## ABOUT THIS EXERCISE
Copy the data that follows exactly, and include none of its images.

┌─ DATASET EXCERPT

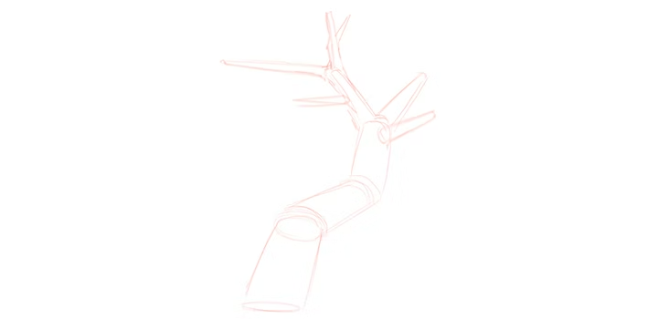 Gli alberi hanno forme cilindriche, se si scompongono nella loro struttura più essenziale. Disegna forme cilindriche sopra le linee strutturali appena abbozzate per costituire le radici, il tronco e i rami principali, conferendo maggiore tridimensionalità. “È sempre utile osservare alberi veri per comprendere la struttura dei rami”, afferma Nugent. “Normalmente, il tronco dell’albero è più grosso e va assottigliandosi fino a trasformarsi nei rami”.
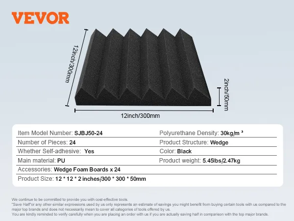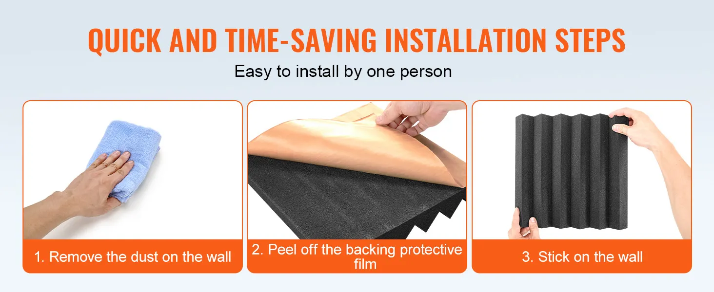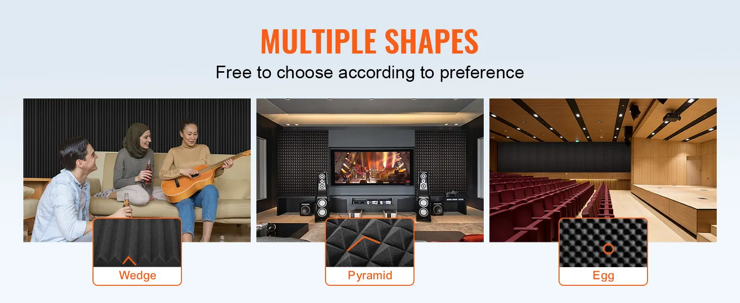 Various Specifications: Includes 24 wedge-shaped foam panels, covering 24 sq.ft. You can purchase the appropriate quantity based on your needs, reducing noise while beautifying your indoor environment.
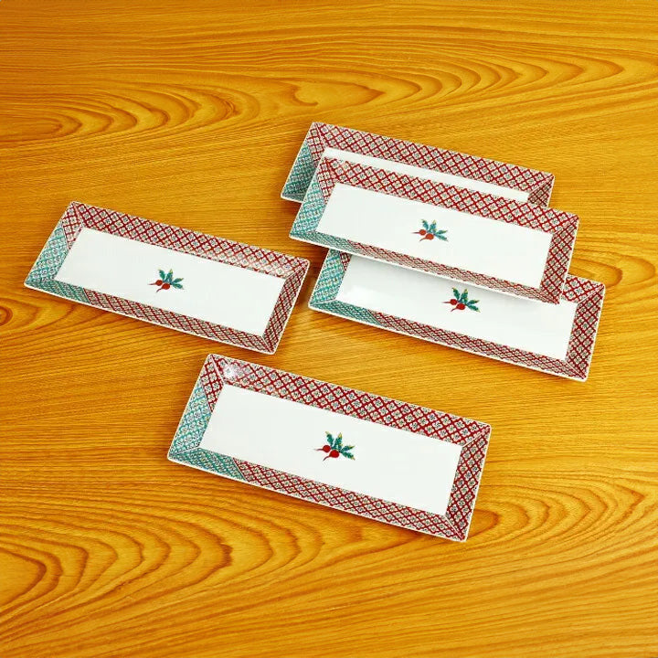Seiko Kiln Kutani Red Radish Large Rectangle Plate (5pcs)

└─

## COMPLETED EXERCISE
 Gli alberi hanno forme cilindriche, se si scompongono nella loro struttura più essenziale. Disegna forme cilindriche sopra le linee strutturali appena abbozzate per costituire le radici, il tronco e i rami principali, conferendo maggiore tridimensionalità. “È sempre utile osservare alberi veri per comprendere la struttura dei rami”, afferma Nugent. “Normalmente, il tronco dell’albero è più grosso e va assottigliandosi fino a trasformarsi nei rami”.
 Various Specifications: Includes 24 wedge-shaped foam panels, covering 24 sq.ft. You can purchase the appropriate quantity based on your needs, reducing noise while beautifying your indoor environment.
Seiko Kiln Kutani Red Radish Large Rectangle Plate (5pcs)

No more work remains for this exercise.